*WORK INSTRUCTIONS*. Would you please copy the part of the material below that opens with the line containing "Carry all the" and closes with the line containing "湿巾采用双层织物材质,一面较"? Copy it exactly, and only it.

*MATERIAL SHOWN*.
○ ○ ○
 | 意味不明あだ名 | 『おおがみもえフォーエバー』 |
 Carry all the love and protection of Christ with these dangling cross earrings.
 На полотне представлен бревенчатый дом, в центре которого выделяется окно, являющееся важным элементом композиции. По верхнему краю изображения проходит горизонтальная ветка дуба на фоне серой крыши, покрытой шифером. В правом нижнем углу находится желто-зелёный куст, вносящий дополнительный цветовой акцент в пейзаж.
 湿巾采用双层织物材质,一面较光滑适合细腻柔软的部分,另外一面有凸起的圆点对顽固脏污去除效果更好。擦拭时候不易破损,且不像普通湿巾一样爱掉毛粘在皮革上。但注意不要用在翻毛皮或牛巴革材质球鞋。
○ ○ ○
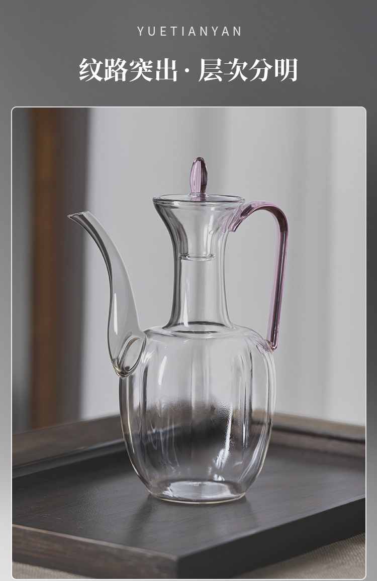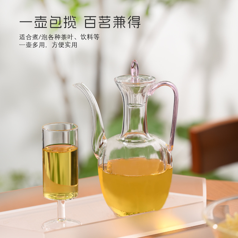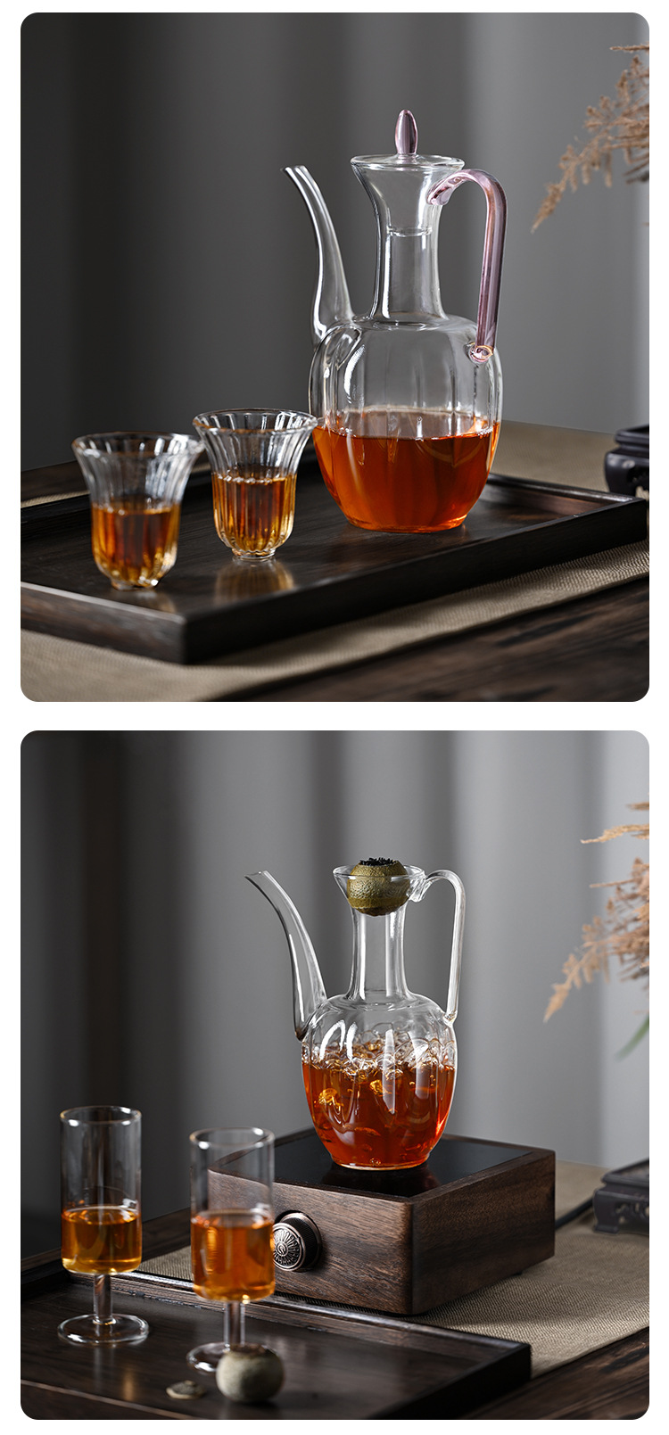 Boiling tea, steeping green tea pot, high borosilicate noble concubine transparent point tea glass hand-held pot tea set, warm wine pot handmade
○ ○ ○
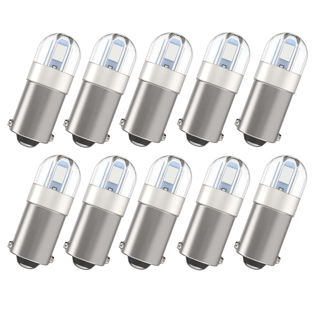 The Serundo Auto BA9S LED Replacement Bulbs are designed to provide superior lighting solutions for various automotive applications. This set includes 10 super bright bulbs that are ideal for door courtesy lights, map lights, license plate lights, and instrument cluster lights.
○ ○ ○
*FINISHED EXERCISE*.
 Carry all the love and protection of Christ with these dangling cross earrings.
 На полотне представлен бревенчатый дом, в центре которого выделяется окно, являющееся важным элементом композиции. По верхнему краю изображения проходит горизонтальная ветка дуба на фоне серой крыши, покрытой шифером. В правом нижнем углу находится желто-зелёный куст, вносящий дополнительный цветовой акцент в пейзаж.
 湿巾采用双层织物材质,一面较光滑适合细腻柔软的部分,另外一面有凸起的圆点对顽固脏污去除效果更好。擦拭时候不易破损,且不像普通湿巾一样爱掉毛粘在皮革上。但注意不要用在翻毛皮或牛巴革材质球鞋。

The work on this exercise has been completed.